Ah yeah, previously I just rerun the test and it seems green. But it get the error after I update the branch. Sorry for the false negative @vfdev-5 !

@datumbox
Copy link
Contributor

@vfdev-5 the failure is suspicious because it's on a very large model. Can you try skipping the specific test to see if this is related to issues on CircleCI side rather than on core? Another thing we can do to confirm that the core is not the issue, is to fix the nightly the the one before and rerun the job. If it fails we will know it's the CircleCI.

@YosuaMichael
Copy link
Contributor

@datumbox @vfdev-5 Let me check the hypothesis by skipping the large model (will create mock PR for this)

@YosuaMichael
Copy link
Contributor

I have confirmed that skipping the big models indeed make the CI green again. Now with the same PR #6195 I use the older nightly version (torch==1.13.0.dev20220621) to check if this issue is caused by core or circle CI.

@YosuaMichael
Copy link
Contributor

YosuaMichael commented Jun 23, 2022

@vfdev-5 @datumbox Using the older nightly version seems to encounter same error as before (see #6195, https://app.circleci.com/pipelines/github/pytorch/vision/18534/workflows/54804215-e148-4523-af21-c0ce30837484/jobs/1499610).
I think this means the problem is not from core.
Looking at torchvision PR on the last 7 days, there seems no change on models or test. Hence I think it might be because of Circle CI.

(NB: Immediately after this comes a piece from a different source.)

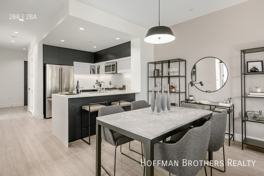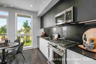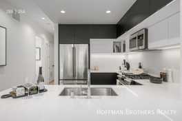 Step into this beautifully modern 2-bedroom apartment, thoughtfully designed with premium materials and stylish details throughout. The contemporary kitchen features matte black or white flat-panel cabinetry with soft-close hardware, quartz countertops and backsplash, a Kohler stainless steel undermount sink, and gourmet GE Cafe stainless steel appliances, including a French door refrigerator, gas range with convection oven, hidden-control dishwasher, and built-in microwave. Integrated LED under-cabinet lighting adds a warm, modern touch.

Any suggestion on how to go from here?

^^ Nevermind on this, I check on the error and it seems to still use new torch nightly:

Installed c:\users\circleci\project\env\lib\site-packages\charset_normalizer-2.0.12-py3.9.egg
Searching for torch==1.13.0.dev20220623
Best match: torch 1.13.0.dev20220623
Adding torch 1.13.0.dev20220623 to easy-install.pth file

seems like the windows build have different way to get the torch core, will look more on this first.

@vfdev-5
Copy link
Collaborator Author

vfdev-5 commented Jun 23, 2022

@YosuaMichael you can also be able to ssh to the circle CI failing job and check directly which nightly is passing (if any)

@YosuaMichael
Copy link
Contributor

@vfdev-5 I never ssh to circle CI before, do you have any pointer on how to do it?

@datumbox @vfdev-5 I identify the installation of pytorch on windows seems to happened here: https://github.com/pytorch/vision/blob/main/.circleci/unittest/windows/scripts/install.sh#L37. Do you have any idea how to modify to install the older nightly version?
Note that this is the command it used to install in the failing test:

conda install -y -c pytorch-nightly -c nvidia 'pytorch-nightly::pytorch[build=*cpu*]' cpuonly

Another note that in https://anaconda.org/pytorch-nightly/pytorch/files it seems that it only have version 20220623 and the nearest after that is 20220423 ...

@vfdev-5
Copy link
Collaborator Author

vfdev-5 commented Jun 23, 2022

@YosuaMichael there was a wiki page on pytorch about that. There is link on circle ci docs: https://circleci.com/docs/2.0/ssh-access-jobs

Basically, once you logged in on circle CI you can have options like : restart failed job, restart failed job with ssh. I think we should have write rights on the repo to be able to run with ssh.
Ssh on Windows can be tricky due to sometime missing tty and we just see empty terminal but connection is established (check by running dir or ls). To be able to ssh, we have to add public ssh key to GitHub.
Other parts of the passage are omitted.